The wonders of the 3 by 3 square (Part 1)  



Over a thousand years ago, even before we adopted the Hindu-Arabic numeral system we now use, apparently the Chinese started to explore the problem of placing the integers 1 to 9 into a 3 by 3 grid, in such a way that in each of the 8 ways you could have three squares successively, 3 horizontal, 3 vertical, and 2 diagonal, the totals would be the same. They called this the Lo-Shu square. In Western mathematics it got called a Magic square. Fig 1 is an empty one. 

Can you find a solution?


Fig 1

The process whereby someone new to this task can be helped to find it is a useful one for young learners to go through.

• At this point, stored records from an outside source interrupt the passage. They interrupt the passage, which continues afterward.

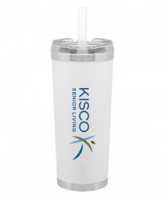 24 oz double wall 18/8 stainless steel thermal tumbler with copper vacuum insulation, stainless steel rim and base, threaded Eastman Tritan lid, snap closure, straw opening, and flexible wide silicone straw.
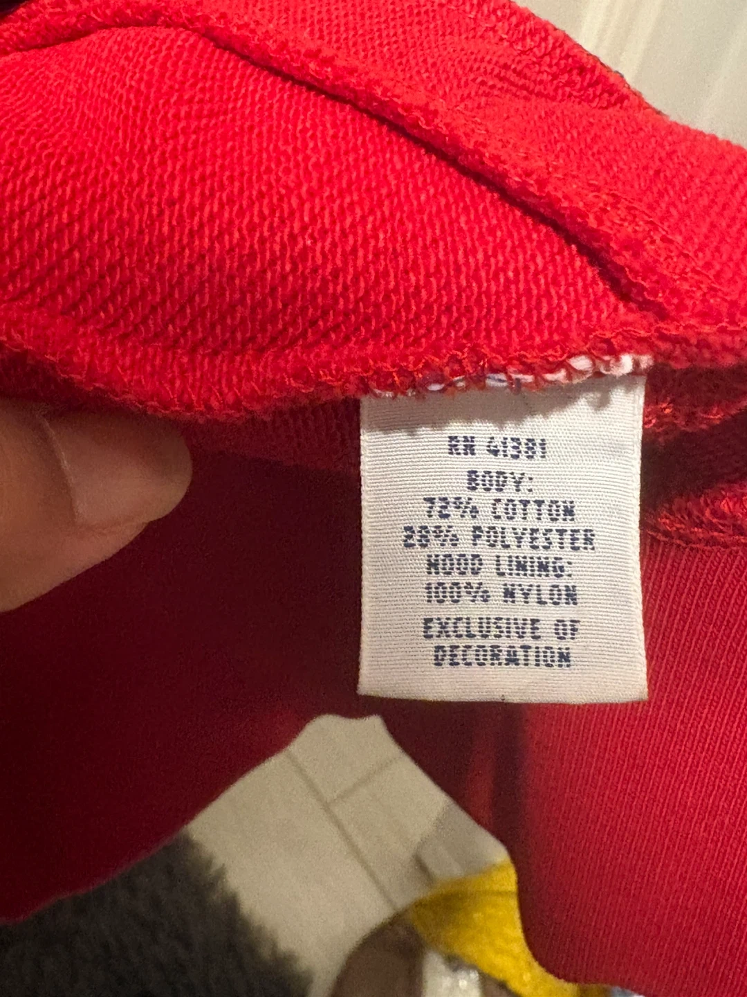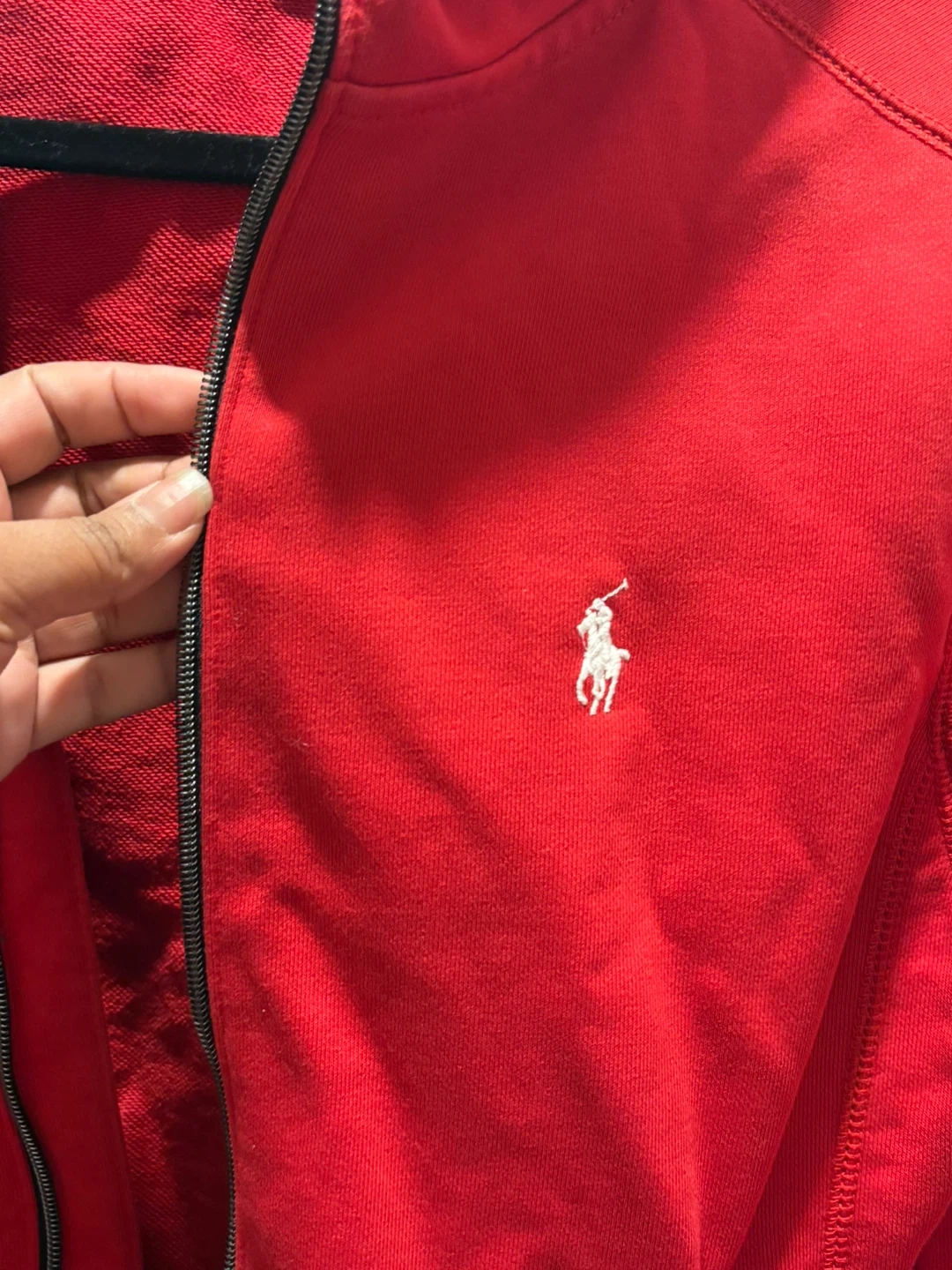 This is a red Polo Ralph Lauren zip-up hoodie. It's a size small with a blue hood lining. Body is 72% cotton and 28% polyester. Hood lining is 100% nylon.
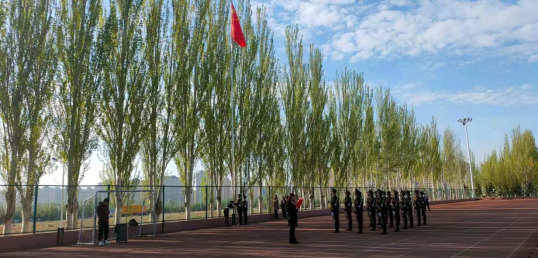 伴着鲜红的朝阳和雄壮的《中华人民共和国国歌》,五星红旗冉冉升起,迎风飘扬,在场的每一个人向国旗行注目礼,深情地表达对祖国无限的热爱和崇高的敬意!
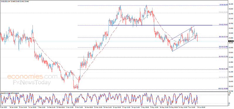 基本消息面 周四(6月15日),现货白银维持日内跌势,银价目前位于23.50美元/盎司附近,日内重挫1.7%。 分析师指出,受美联储鹰派信号刺激,美元走强,这令银价承压。美元指数目前交投在103.30左右。 相关新闻消息 美联储周三维持联邦基金利率目标区间在5%-5.25%不变,但点阵图显示,2023年年
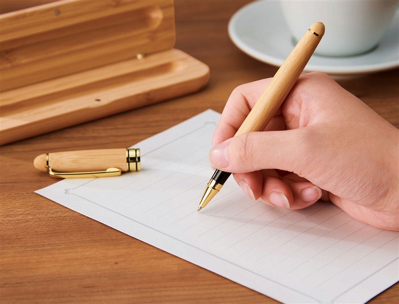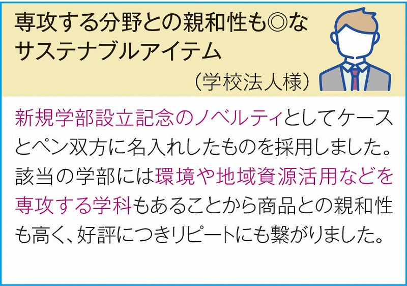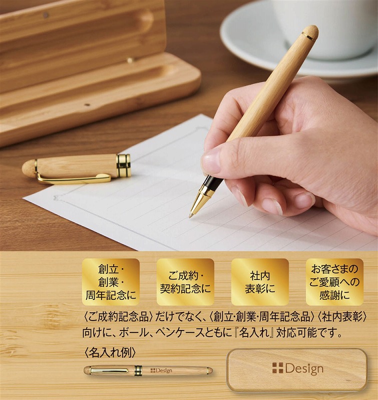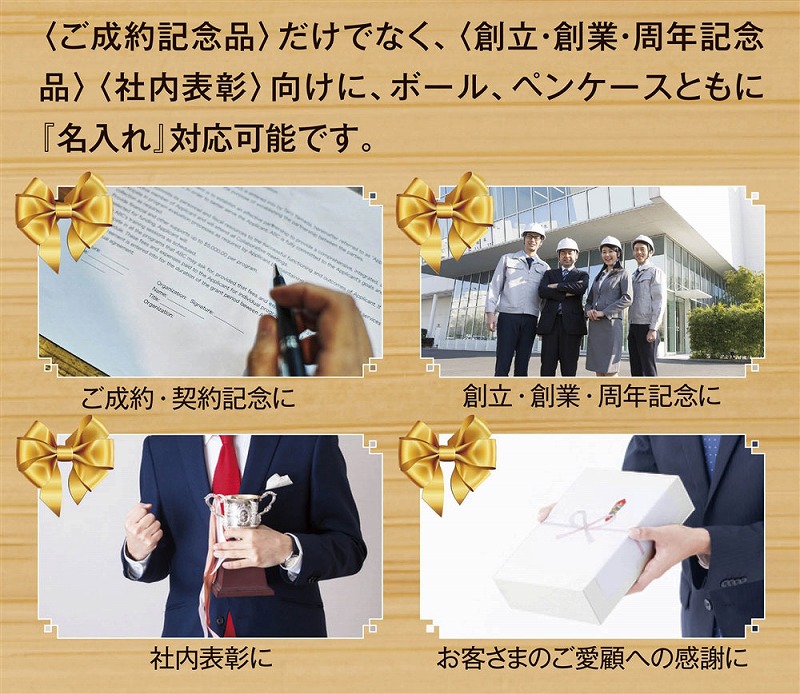 ボールペン/ケースともに名入れ可能。ご成約記念のほか、創立・創業・周年記念、社内表彰向けにおすすめです。この製品1個あたり、CO2排出量が5kgオフセットされます。

It does not help if teacher just gives them a solution! This is an important issue in all 21st century mathematics teaching.
If we write down the numbers 1-9 in order, and find out their total [after all, if each of (say) the three rows totals the same, then each must be on third of the total of the 9 integers].
As we add the numbers, most often comes a pattern the learners recognise: 1, 3, 6, 10, 15… This pattern can reinforce, or prove an interesting diversion to talk about, these Triangular numbers, including why they are so called, and perhaps then how they relate to the Square numbers.
Although at first it may seem that many alternative solutions exist to the order 3 Magic Square, actually, all solutions, allowing for reflections and rotations, still make use of the unique solution.
Many extensions/variations are possible. The most common is to challenge the learners to use the integers 1-16 to make a 4 by 4, or “order 4” Magic Square. Quite a number of different ones of this size exist, but a good first step starting from scratch might be to calculate the Magic Constant, the total of each row, column and diagonal. Can you calculate how to get the value 34? (without using a formula the children don’t know!)  
In 1514 Albrecht Dürer (1471-1528) Germany’s elite Renaissance artist incorporated a magic square into his painting entitled “Melancholia”, in which he placed 1514 into 2 of the squares, see Fig 2. 

Fig 2

Can you complete the 4 by 4 (or order 4) magic square? It’s not easy, even if (Hint!) this square has some delightful properties, many ways in which the total of 4 squares is 34 as well as for the rows, columns and diagonals: for example, the 4 corner squares, or the 4 central squares, add up to 34 too. 
Many other order 4 magic squares are possible which are distinct from each other.
There is a strategy for creating odd order Magic Squares which you may like to explore. 
A more challenging problem is to find a magic square which is such that from 1 to 16 every move is a chess knight’s move, 2 steps in one direction then one at right angles.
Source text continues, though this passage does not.